DR. MCLAUGHLIN: What about Geithner?

MR. BUCHANAN: He's got problems. He had problems in his campaign. He made mistakes there. But it was a hugely successful campaign and a very successful transition, no matter what you say. The good will --

DR. MCLAUGHLIN: Was it --

MR. BUCHANAN: There's good will all over the place for this guy.

DR. MCLAUGHLIN: Was it a miracle that he got 25 posts filled -- that's the ones we've recognized --

MR. BUCHANAN: No, we got --

DR. MCLAUGHLIN: -- and some others --

MR. BUCHANAN: So did Nixon, and he probably did it faster.

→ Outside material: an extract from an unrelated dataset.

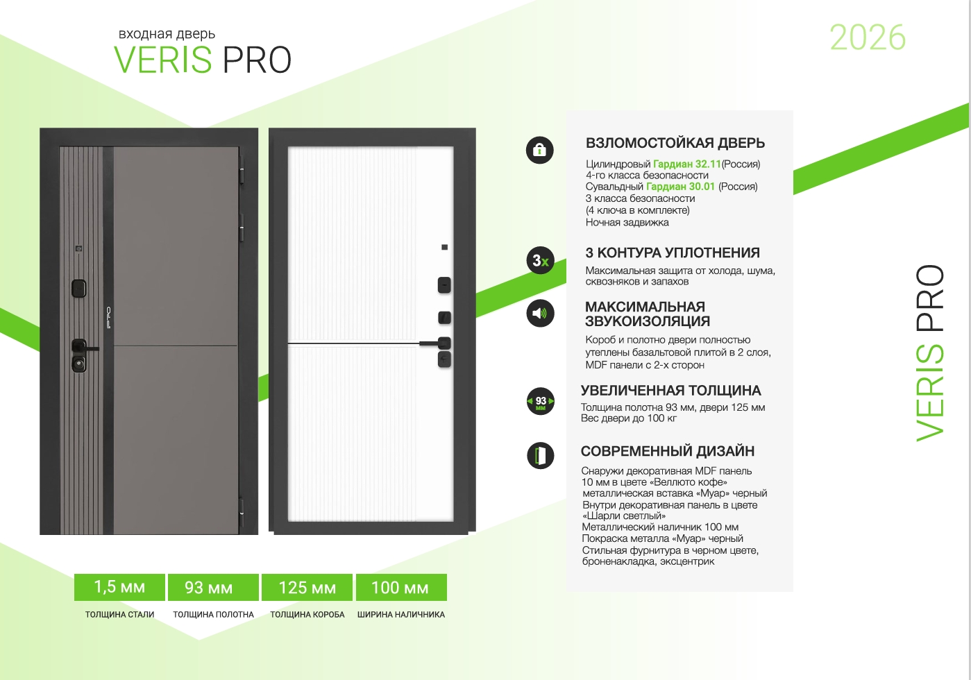 Взломостойкая дверь, Прочная сталь 1,5 мм, Металл с 2-х слойным покрытием. 1 слой - цинкосодержащий грунт, 2 слой - покраска "Муар" черный

DR. MCLAUGHLIN: You think so?

MR. BUCHANAN: Sure. Remember, December 10th we had all Cabinet officers.

DR. MCLAUGHLIN: Where were you operating then, out of the hotel in New York?

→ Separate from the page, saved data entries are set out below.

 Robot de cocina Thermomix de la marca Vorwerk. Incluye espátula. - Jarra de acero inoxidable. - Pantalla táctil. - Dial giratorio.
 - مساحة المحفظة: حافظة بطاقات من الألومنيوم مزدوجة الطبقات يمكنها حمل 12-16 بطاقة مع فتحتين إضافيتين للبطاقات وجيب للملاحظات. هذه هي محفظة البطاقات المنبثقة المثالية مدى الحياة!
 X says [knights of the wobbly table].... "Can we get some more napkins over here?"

MR. BUCHANAN: I think we had moved down to D.C. by then, John. (Laughs.) DR. MCLAUGHLIN: Eleanor.

MS. CLIFT: Well, he tends to get compared to previous Democratic presidents, and it's much smoother than the Clinton or the Carter transitions. And overall, these are excellent picks. I give him an A as well.

DR. MCLAUGHLIN: Monica.

MS. CROWLEY: Listen, Barack Obama ran on his judgment because he didn't have a whole lot else to run on. And yet we take a look and so many of these Cabinet picks have serious problems. Hillary Clinton is going to get through, but she's up to her eyeballs in conflicts of interest. Eric Holder we talked about. Geithner we talked about. Leon Panetta we talked about. There are a lot of these picks that are problematic, and those chickens eventually might come home to roost.

MS. CLIFT: I'm glad somebody is with the 27 percent of the country that supports George Bush --

MS. CROWLEY: (Laughs.) This transition is not --

MS. CLIFT: -- and doesn't think the president is doing well.

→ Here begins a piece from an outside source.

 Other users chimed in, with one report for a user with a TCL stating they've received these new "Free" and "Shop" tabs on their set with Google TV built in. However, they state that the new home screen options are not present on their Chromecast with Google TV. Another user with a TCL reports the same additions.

MS. CROWLEY: -- (inaudible). And I'm not the only one who believes that. There are a lot of Democrats who have problems with these choices as well.

DR. MCLAUGHLIN: The sainted Hillary will sail through.

MS. CLIFT: Right.

MS. CROWLEY: Absolutely. I didn't say otherwise.

MR. PAGE: It's an A. I mean, there were some glitches here and there, but considering how he got an early start on this and he did it quite methodically, it's quite remarkable there are as few glitches as there are.

DR. MCLAUGHLIN: He sees the limits of political power and he recognizes them the way Abraham Lincoln did. And that means that you don't make the perfect the enemy of the good. And he wants unity in the Democratic Party because he wants all the backing he can get. What did you rate him as? What did you rate the transition as?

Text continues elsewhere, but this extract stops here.